Sun Aug 24 13:45:45 2008 phish [...] cpan.org - Correspondence added 90 min

Problem was that baseURI() works slightly different for XML and for HTML documents. To access the URI the has been set during parse time in a consistent way, one should call the URI() function on the document root.

Sun Aug 24 13:45:47 2008 phish [...] cpan.org - Status changed from 'open' to 'resolved'

Sun Aug 24 13:45:48 2008 phish [...] cpan.org - Given to PHISH

Mon Aug 25 18:53:56 2008 dwheeler [...] cpan.org - Correspondence added

CC:	Eric Glover <eric [...] searchme.com>
Subject:	Re: [rt.cpan.org #38666] URI Option Does Not Work
Date:	Mon, 25 Aug 2008 15:53:42 -0700
To:	bug-XML-LibXML [...] rt.cpan.org
From:	"David E. Wheeler" <dwheeler [...] cpan.org>

On Aug 24, 2008, at 10:38, Christian Glahn via RT wrote: Show quoted text

> I dived into the code and found two issues and one of them explains > your > problem.

Thank you, Christian. Show quoted text

> You use the baseURI function. baseURI() uses libxml2's > xmlGetNodeBase() > function, which determines the base URL for HTML documents from the > base > tag in the documents header. Your document has no header and no base > tag. Hence, the result is correctly undef.

Ah, okay, that makes sense. Show quoted text

> But there are good news for you: on the document node of your DOM tree > and ONLY for this node, you can call the URI function, which returns > the > internal URL that has been set by the parse function. > > Therefore, in line 5 instead of saying $doc->baseURI; you should say > $doc->URI;.

Great, this works: my $parser = XML::LibXML->new; my $doc = $parser->parse_html_string($html, { URI => 'http:// foo.com/' }); say $doc->URI; Good, that's exactly what I need.
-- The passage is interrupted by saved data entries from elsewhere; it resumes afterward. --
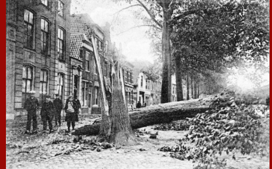
De Oude Haven in 1911, ZA ZG 0083

In de woorden van de gemeente: “De Oude Haven is een uitzonderlijk Rijksmonument en bovendien uniek in Europa: een getijdhaven in een historische binnenstad in combinatie met monumentale gewichtsmuren” . Mooi toch deze stelling. Het onderhoudswerk zal in fasen worden uitgevoerd. Het werk richt zich op het herstel van het bestaande metsel- en voegwerk met behoud van de cultuurhistorische waarde van de kademuur. Onderhoud is de sleutel van behoud.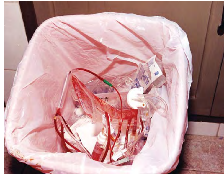
Residuos patógenos infecciosos.

Comprende sangre, suero, plasma y otros hemocomponentes provenientes de establecimientos de salud, gabinetes de transfusión, bancos de sangre, bolsas de sangre y equipos de transfusión con plazos de validez vencidos y muestras de sangre con serología positiva.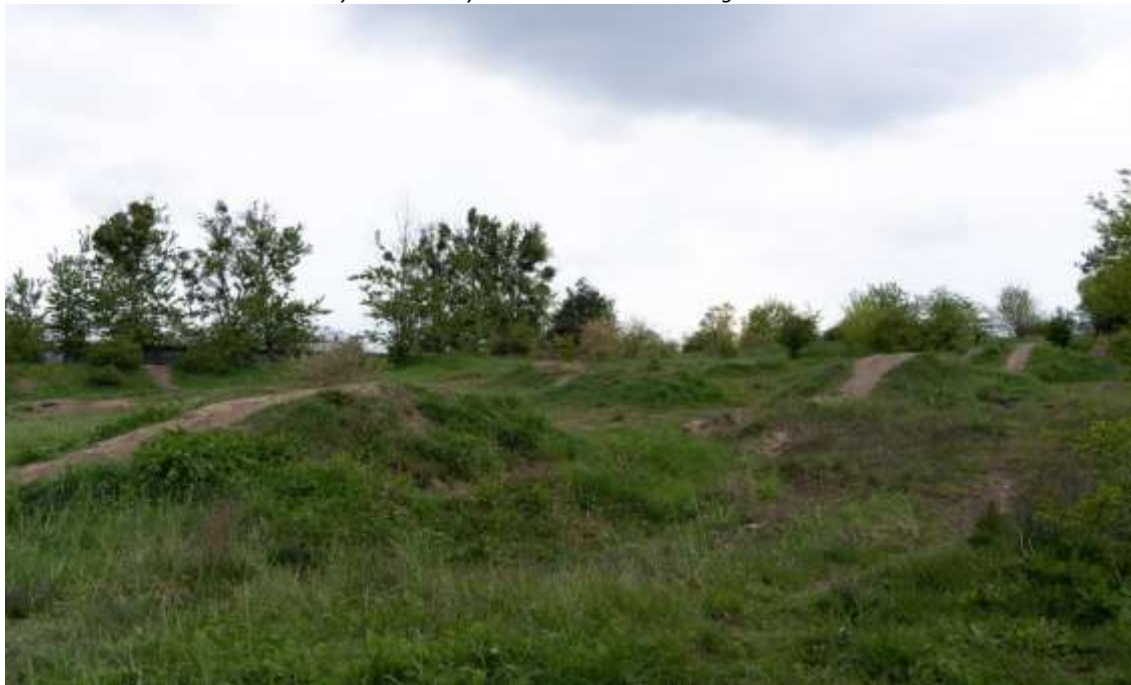
Rysunek 7. Przykład stanu terenu zielonego - Dolinki Miłości.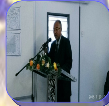
Ucapan oleh Dato' Pengarah JKR Kelantan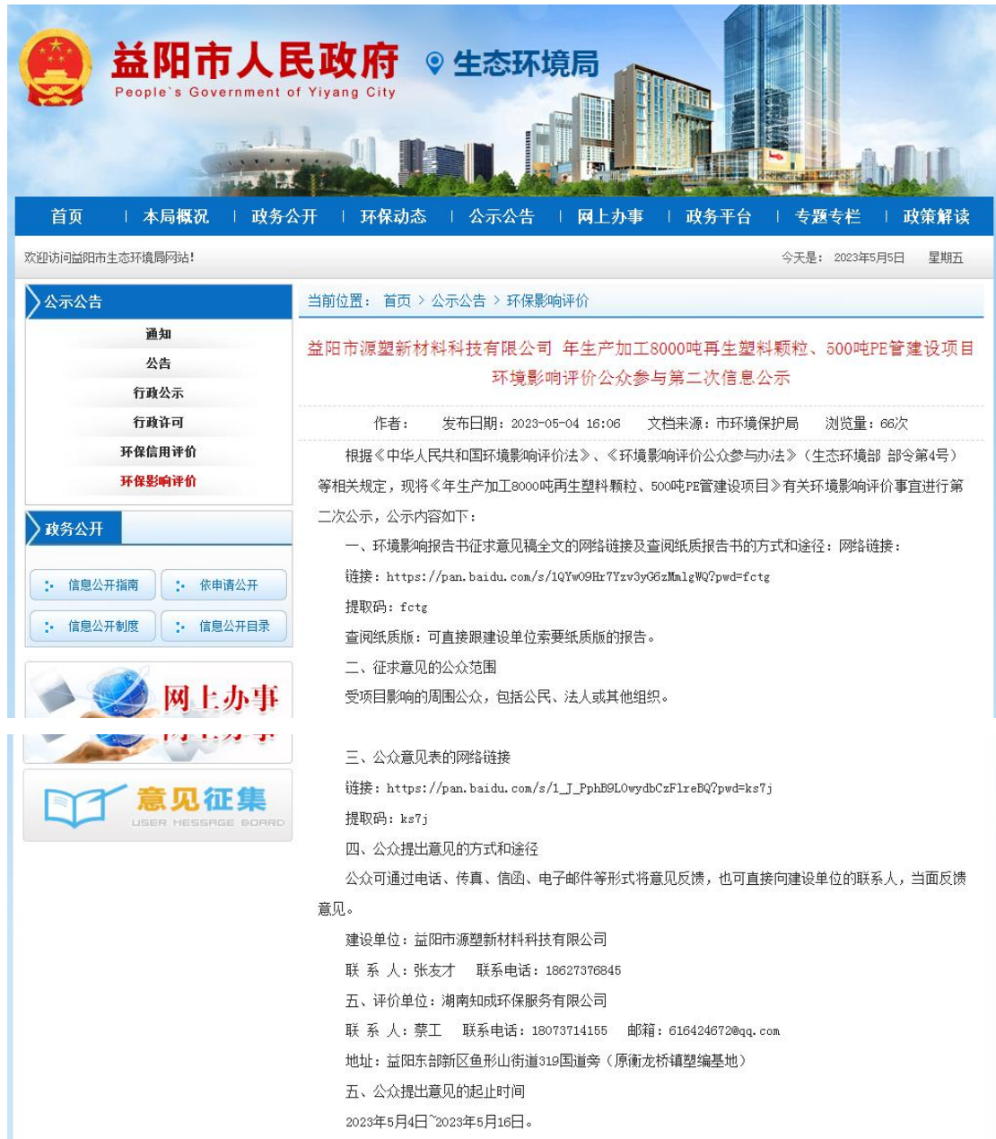
图 3.2-1 第二次环境影响评价信息公开网络公示截图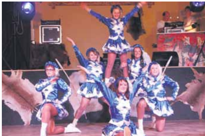
Die großen Funken des NKC.

so dass man schon von weitem hören kann: „He, Jo, He, NKC!“.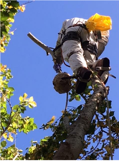
Ffigur 2 Rheoli Cacwn Asia

Ni welwyd Cacwn Asia yn y DU ers y 14eg Hydref. Mae'r perygl o ganfod nyth cacwn Asia byw yn y DU yn fach iawn bellach gan nad yw cacwn Asia yn actif yn ystod misoedd oer y gaeaf. Mae perygl o hyd y bydd brenhines Cacwn Asia yn cael ei chludo'n ddamweiniol.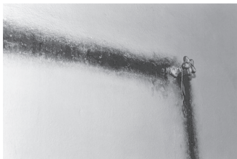
Obr. 1.5 Typickým projevem povrchové kondenzace je orosování povrchů konstrukcí, v tomto případě „obkreslování“ rozvodů studené vody s následným výskytem plísně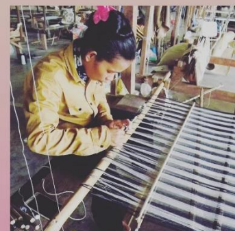
村の女性たちが一枚一枚丁寧に織り上げました！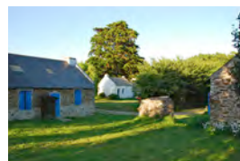
Kergallic est pour chacun un champ libre, l'amorce de son propre sentier.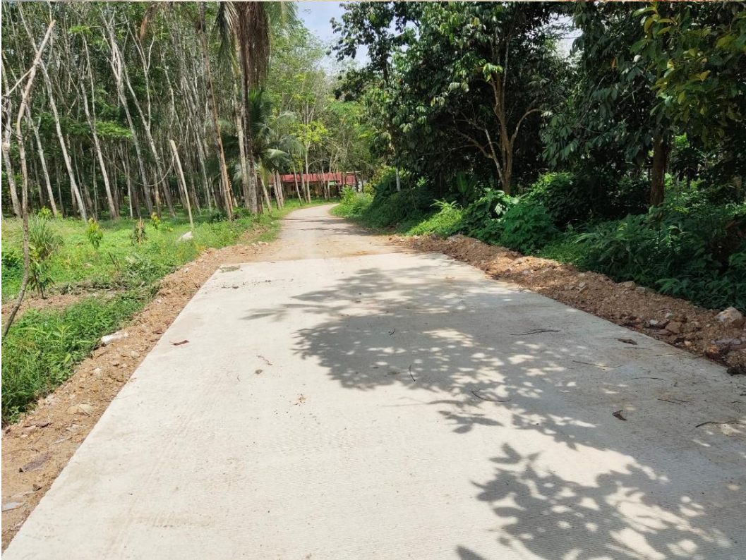
ภาพถ่ายโครงการก่อสร้างถนนคอนกรีตเสริมเหล็ก ถนนสายห้วยพอ-บ้านนา หมู่ที่ 9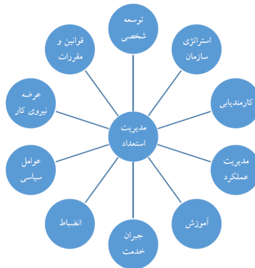
شکل ۱. شاخص‌های مدیریت استعداد در پالایشگاه گاز فجر جم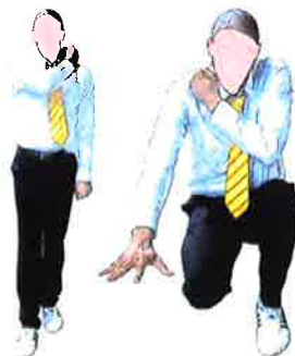
Armement pour le décompte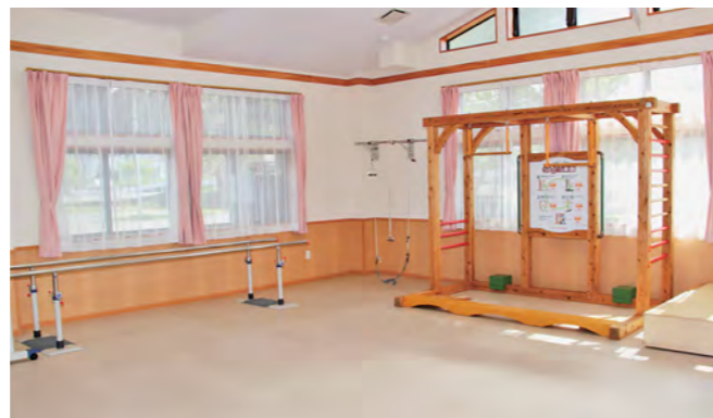
ダイフロアに併設された「うんどう楽園」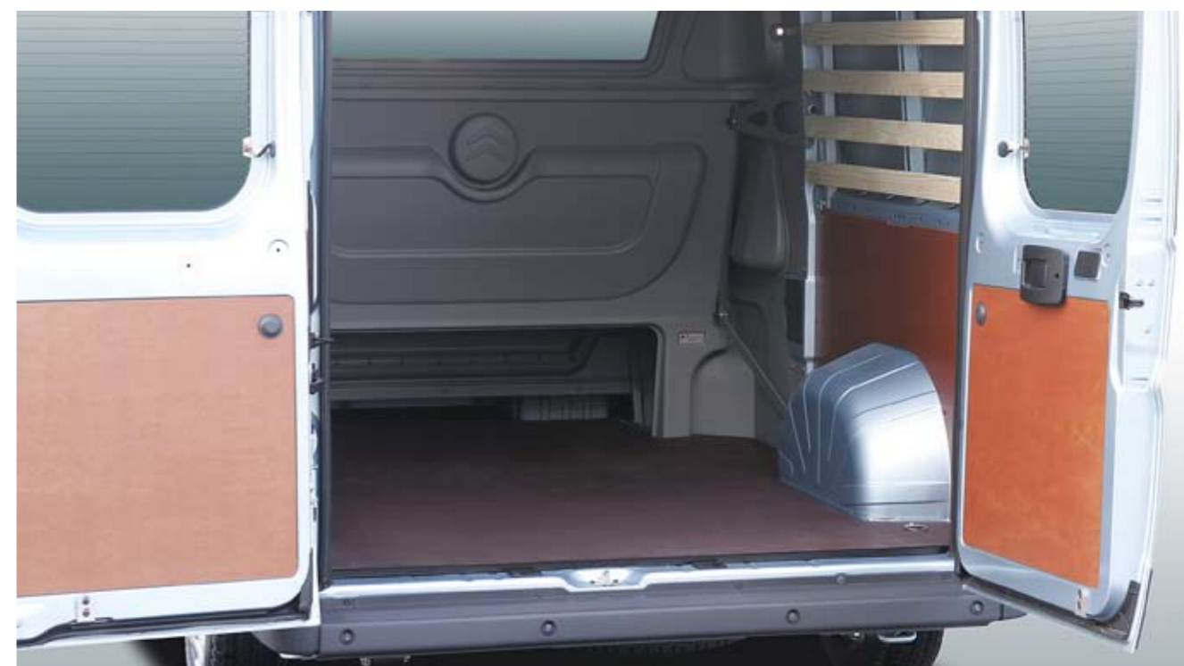
Laadruimte met lat-om-lat zijwandbekleding en houten vloer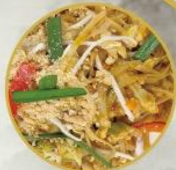
802. Thailandisches Phat Thai

Ist ein traditionelles Nudelgericht der thailändischen Küche. Es besteht hauptsächlich aus Reisbandnudeln, hinzu kommen verquirlte Eier, Fischsauce, Tamarindenpaste, gehackte Knoblauchzehen, Chilipulver, Mungbohnen sprossen.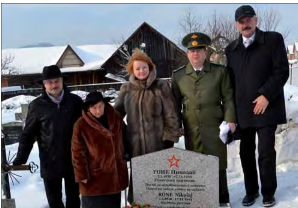
V Kamienke odhalili pamätnú tabuľu.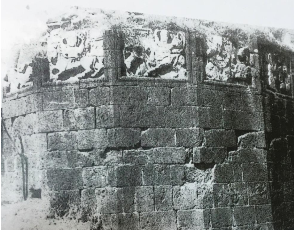
Fotoğraf 7: Cizre Köprüsünde Gezegen- Burç Figürleri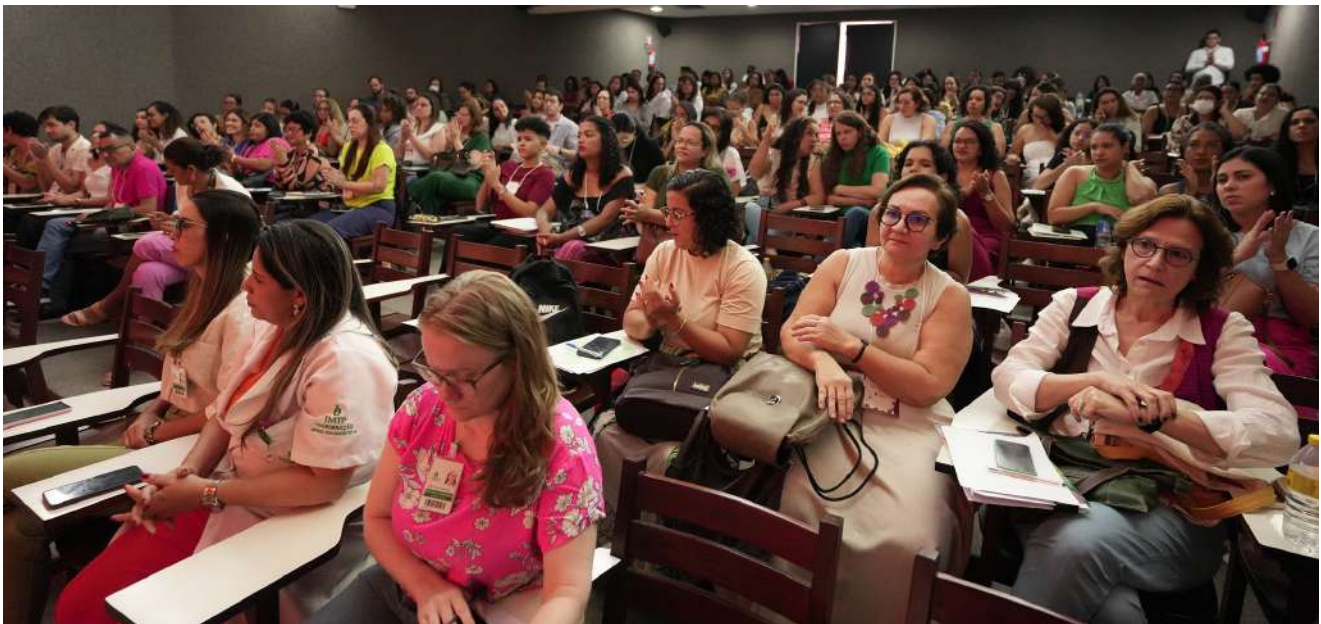
O Auditório Alice Figueira ficou lotado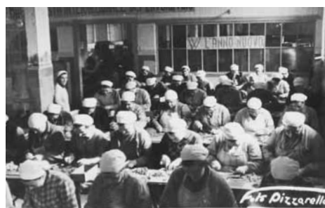
Ročno čiščenje rib.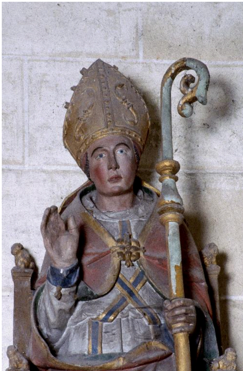
Vue de la partie supérieure de la statue.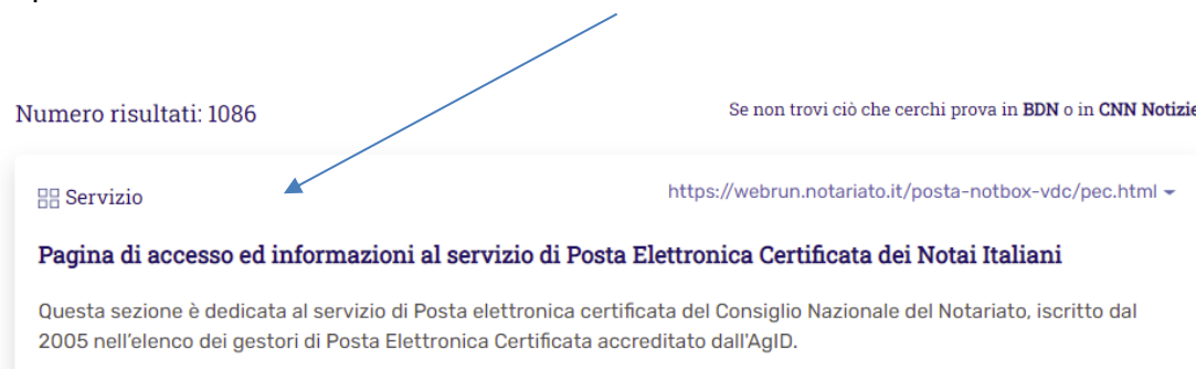
Figura 2 accesso al servizio "posta"

Dopo aver cliccato sulla lente cliccare su della scheda relativa al servizio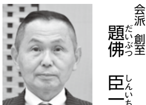
会派 創全 題佛 臣一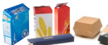
BOÎTES, PAQUETS, SACHETS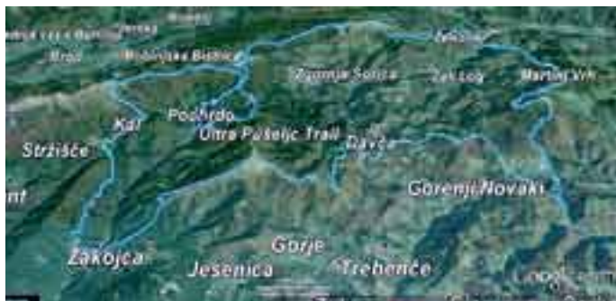
Trasa prvega ultra traila v Sloveniji

To čudovito primorsko-gorenjsko naravno okolje hribov in dolin ter pestrih zgodovinski dogodkov je primerno za vse vrste pohodov, zgodovinskih raziskovanj, gorskih tekov in rekreacije. Že od leta 2002 tu poteka Gorski maraton štirih občin – GM4O, od leta 2013 pa Pušeljc gorskih tekov na Črno prst, Blegoš, Ratitovec in GM4O. Letos pa bo prvič organiziran še pravi ultra trail v Sloveniji – ULTRA PUŠELJC TRAIL, dolg 100 kilometrov, ki jih bodo tekači odtekli po Baški grapi, Cerkljanski, Selški in Poljanski dolini.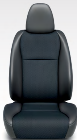
Sjedala Sport (kombinacija kože i tkanine)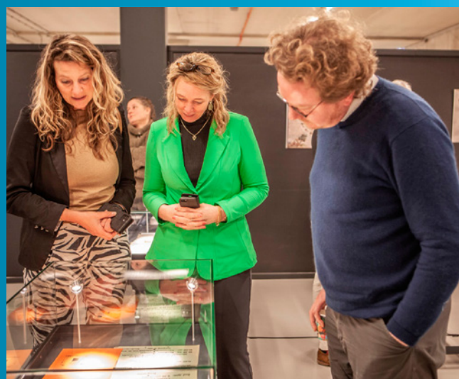
Bezoek raadsleden Renkum

Op maandag 16 januari brachten Arnhemse raadsleden en gemeentebestuurders een werkbezoek aan het Gelders Archief. Op maandag 13 februari volgden raadsleden en een wethouder van de gemeente Renkum en vervolgens het college van Gedeputeerde Staten van de provincie op dinsdag 19 december.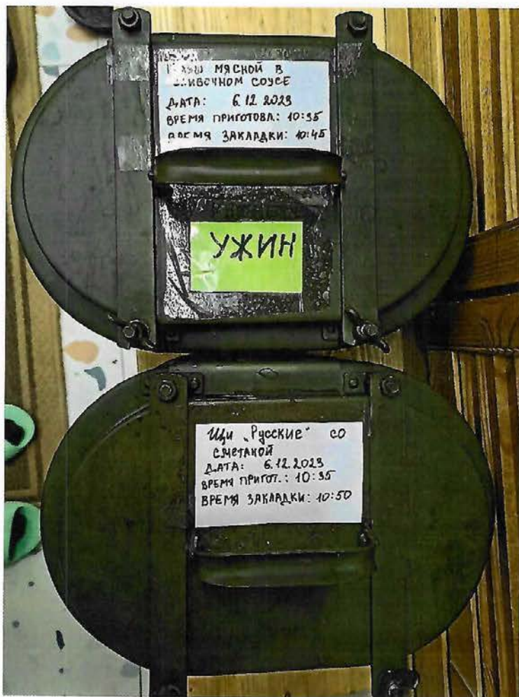
Фото к п.5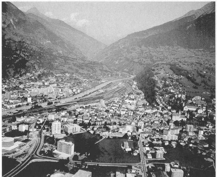
Bild 1. Luftaufnahme des Gebietes Brig/Glis und Naters

Die Bebauung in Brig-Glis ist eingezwängt zwischen Bahnhof und dem ansteigenden Hügel Richtung Stockalper-Schloss. Die Überbauung im Kern ist sehr dicht; die Bauten stehen an einem rechtwinkligen Strassennetz. Die Gebäude beschatten sich gegenseitig sehr stark, und im südlichen Stadtteil bleibt die Sonne im Winter bis zu 2 Monaten wegen dem steil ansteigenden Glishorn gänzlich weg.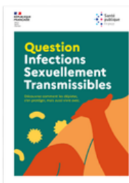
Brochure « Question Infections Sexuellement Transmissibles »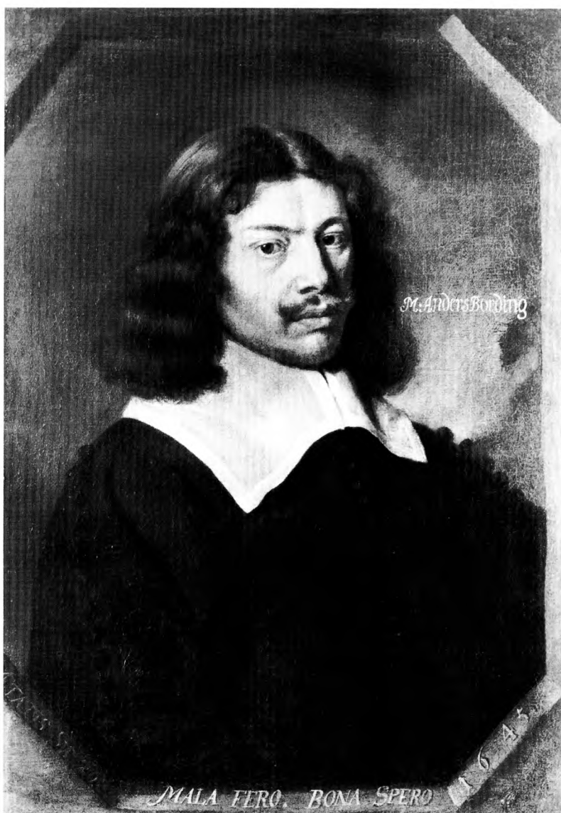
Anders Bording (1619-1677) var en politisk fintfølede digter, hvis politiske lejlighedsdigte formfuldendt og præcist afspejler samspillet mellem folkestemning og politisk propaganda inden for rammerne af den til enhver tid gældende politiske korrekthed. Maleriet er med urette blevet tilskrevet Karel v. Mander, og det viser Bording som ung mand på et tidspunkt, hvor han allerede havde skabt sig et navn som hyrdedigter.

I de næste to linjer (65-66) spindes videre på kongens fremragende egenskaber, samtidig med at der indirekte hentydes til den kongelige arverettig-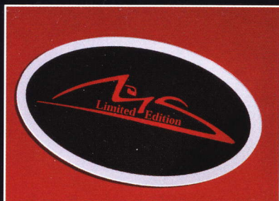
Logo Série Limitée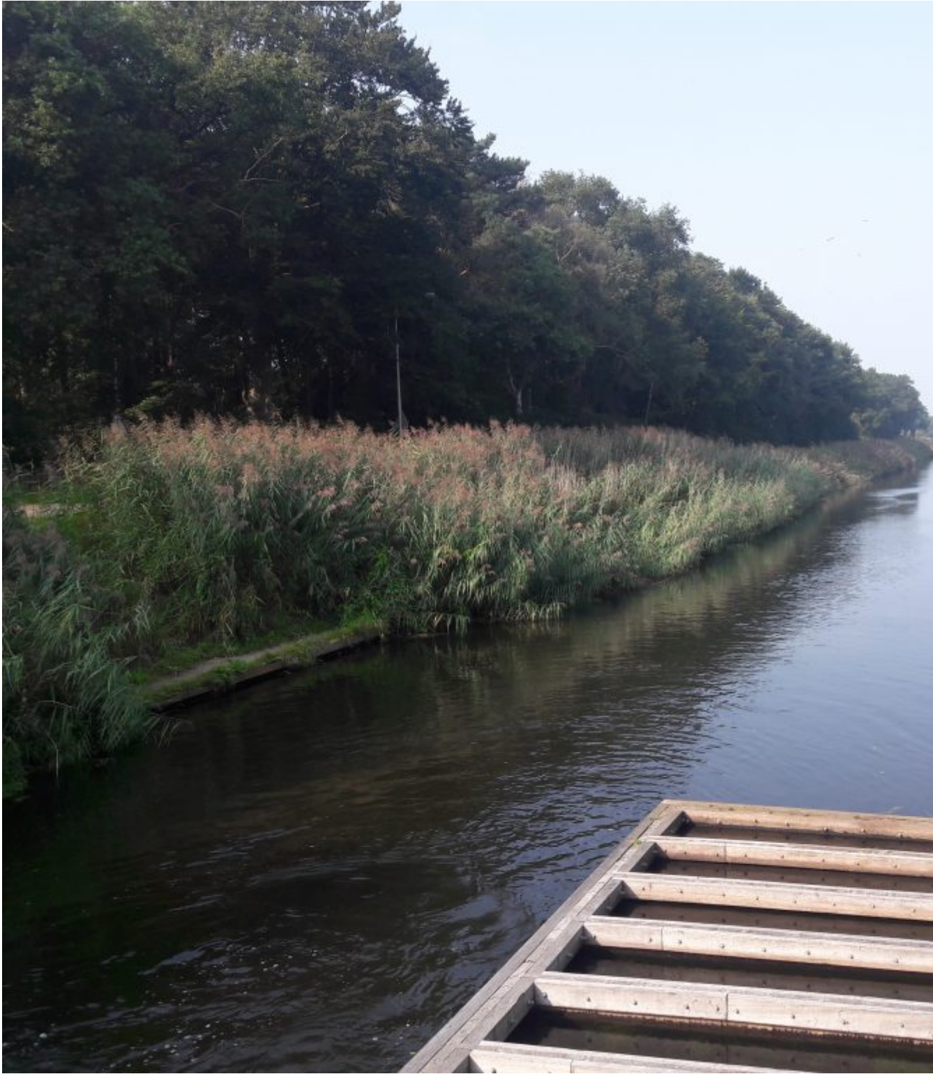
De stuw Hankate

Any chance of the docs being updated to reflect this? Note that this does not, however (not that I care, but since it's what the docs seem to indicate: my $parser = XML::LibXML->new; my $doc = $parser->parse_html_string($html, 'http://foo.com/'); say $doc->URI; Best, David

Mon Aug 25 18:53:58 2008 The RT System itself - Status changed from 'resolved' to 'open'

Sun Nov 02 15:51:41 2008 pajas [...] matfyz.cz - Correspondence added

I believe the current documentation does not indicate that parse_html_string($html,$uri) should do something useful (unlike parse_html_string($html,{URI=>$uri}), which works as expected). I have added documentation of $doc->URI, added a $doc->setURI method, and added documentation of $node->baseURI and $node->setBaseURI. The changes are in the SVN and will appear in 1.67 (to be released soon). With this, I'm closing this ticket. Please do not reopen it, unless you want to complain about the changes made in SVN. -- Petr

Sun Nov 02 15:51:43 2008 pajas [...] matfyz.cz - Status changed from 'open' to 'resolved'